Castorp doesn’t write during his illness, though he reads and listens to music with new intensity. But the desire to work often consumes sick writers, whatever Virginia Woolf may have said about illness not being a major theme for literature. Kureishi returns lovingly in his letters to his first discovery of his vocation, and of the fountain pens he fears he’ll never hold again. “Writer” was an identity to hold up against the bullies who taunted him with other labels, so there’s a fear now that if he stops writing he’ll fall into their hands. Hilary Mantel wrote in her extraordinary memoir Giving up the Ghost that after her body was rendered unrecognisable by its medical maulings, she wrote in order to locate herself “if not within a body, then … between the lines where the ghosts of meaning are”. Meaning remained as elusive as ever but her disembodied self needed somewhere to hover.

Among the writers I’ve mentioned here, Kureishi is unique in dictating his writing to others. I’ve found the depiction of his relationship with his wife Isabella that has emerged through their collaborations to be the most moving aspect of his letters. We have the impression here of a woman at once utterly generous and rightly insistent that she has to survive this herself. Self-pity of the kind seen in Kureishi’s early letters can consume everything; this is the writer, after all, of Intimacy, the 1998 autobiographical novel in which an unfaithful husband showed endless interest in his own capacity for boredom and desire and very little curiosity about the brittle estrangement of his wife.

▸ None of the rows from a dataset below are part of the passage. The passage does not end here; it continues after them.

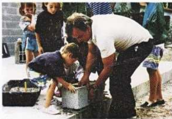
École Bonaventure, pose de la première pierre (Fonds Bonaventure)

In een recentere periode zijn er hernieuwde experimenten op gezet, zoals met de school in Da Ponte (Portugal), na de Anjerrevolutie in 1974, waar honderden kinderen naar toe gingen. Eveneens kan gewezen worden op de libertaire school Bonaventure (1993-2001) op het Franse eiland Oléron. Daar vond een schoolexperiment plaats geleid door de gedachte van vrijheid, gelijkheid, wederkerige hulp, zelfbestuur en burgerzin. Hoog hing er de vlag van de laïciteit, kosteloosheid, sociale financiering, collectieve eigendom, gelijkheid in salaris. Zo zijn er ook nog de experimentele lycea in Frankrijk waarvan de LAP (het zelfbestuurde lyceum van Parijs) in dit jaar zijn dertigjarige bestaan viert. Reeds duizenden leerlingen hebben hier onderwijs genoten, onderwijl andere ervaringen opdoende zoals het sociale zelfbestuur.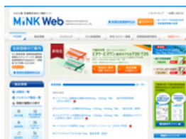
日本化薬 医療関係者向け情報サイト「MiNK Web」

※【IVR】「血管内治療」、「血管内手術」とも言われ、エックス線透視や超音波像、CTを見ながら体内に細い管（カテーテルや針）を入れて病気を治す治療法です。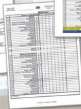
CONTROLEBLAD HYGIENE WERKPLAN

Alles wordt voor u overzichtelijk en controleerbaar. Zowel op het gebied van reiniging en desinfectie als op economisch vlak.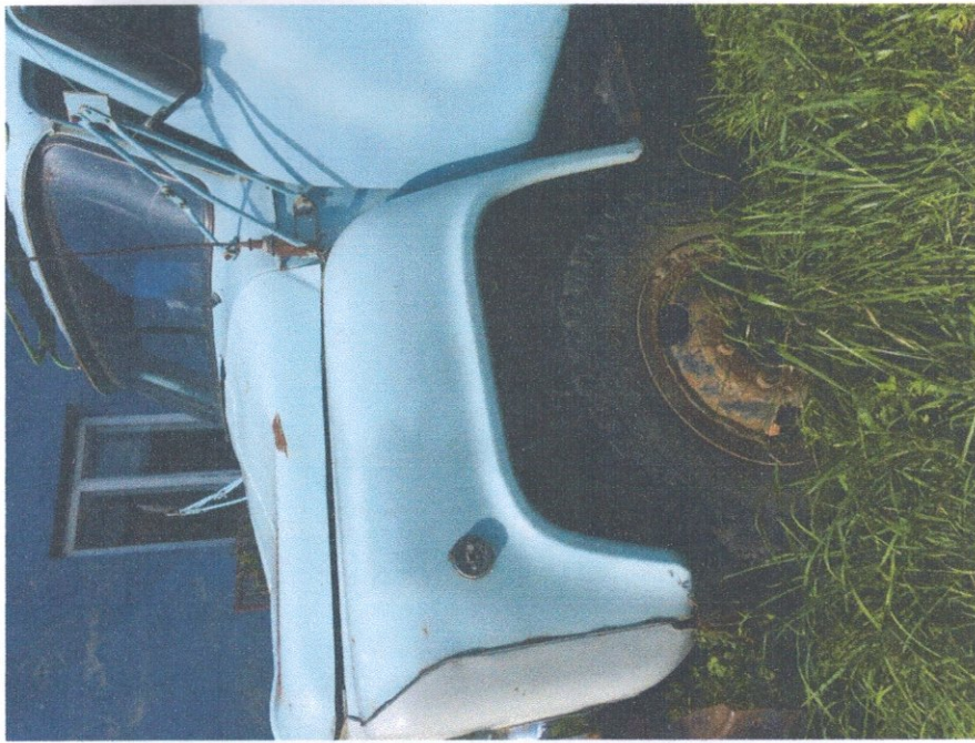
Фото 2: Общий вид

‘If not within a body’ … Hilary Mantel, who wrote about her illness in her memoir Giving up the Ghost.
‘If not within a body’ … Hilary Mantel, who wrote about her illness in her memoir Giving up the Ghost. Photograph: Jane Bown/The Observer

In Lorde’s journals, she worries about how it will feel to brush her chest against a lover and only feel one breast. Kureishi has similar anxieties, which he assuages by looking forward to renewing the act of cunnilingus and looking back to the sexual conquests of early middle age. His accounts of sex and drugs with a young woman in Amsterdam would be unbearably smug were it not for this interjection: “If this was a film, the camera would be close on Isabella’s face as she writes this down for me.” Isabella, mocking his limited insights into Italian politics, despairing of cleaning his teeth successfully, giving up in exhaustion and handing over to his son, is an autonomous figure here. The most powerful, painful moment is when she turns to him and asks: “Would you have ever done this for me?” Kureishi can’t answer. “I don’t know,” he dictates in the retelling. He may reveal more than he means to here. This isn’t a novel, where he’s in control; his writing escapes his grasp and reveals the pain of love. We give each other what we can, which is everything, but may also be terrifyingly imbalanced.

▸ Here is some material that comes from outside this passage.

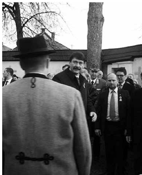
Áder János koszorút helyezett el Czetz János honvédtábornok emléklakettjénél

I wonder if Isabella is writing her own journal. I’d like to see them published together. I wonder, too, how Mann would write Kureishi – which of the insights of “our hero” would remain unsatirised? Nietzsche’s sick animal is a creature constantly spinning fictions and Kureishi is too good a writer not to be aware that this is what he’s doing. At the end of The Magic Mountain, Mann terminates Castorp’s revelations and sends him off to the front. I look forward to Kureishi’s own novel about these experiences and wait to see what larger sense of the historical world he’ll use it to reveal.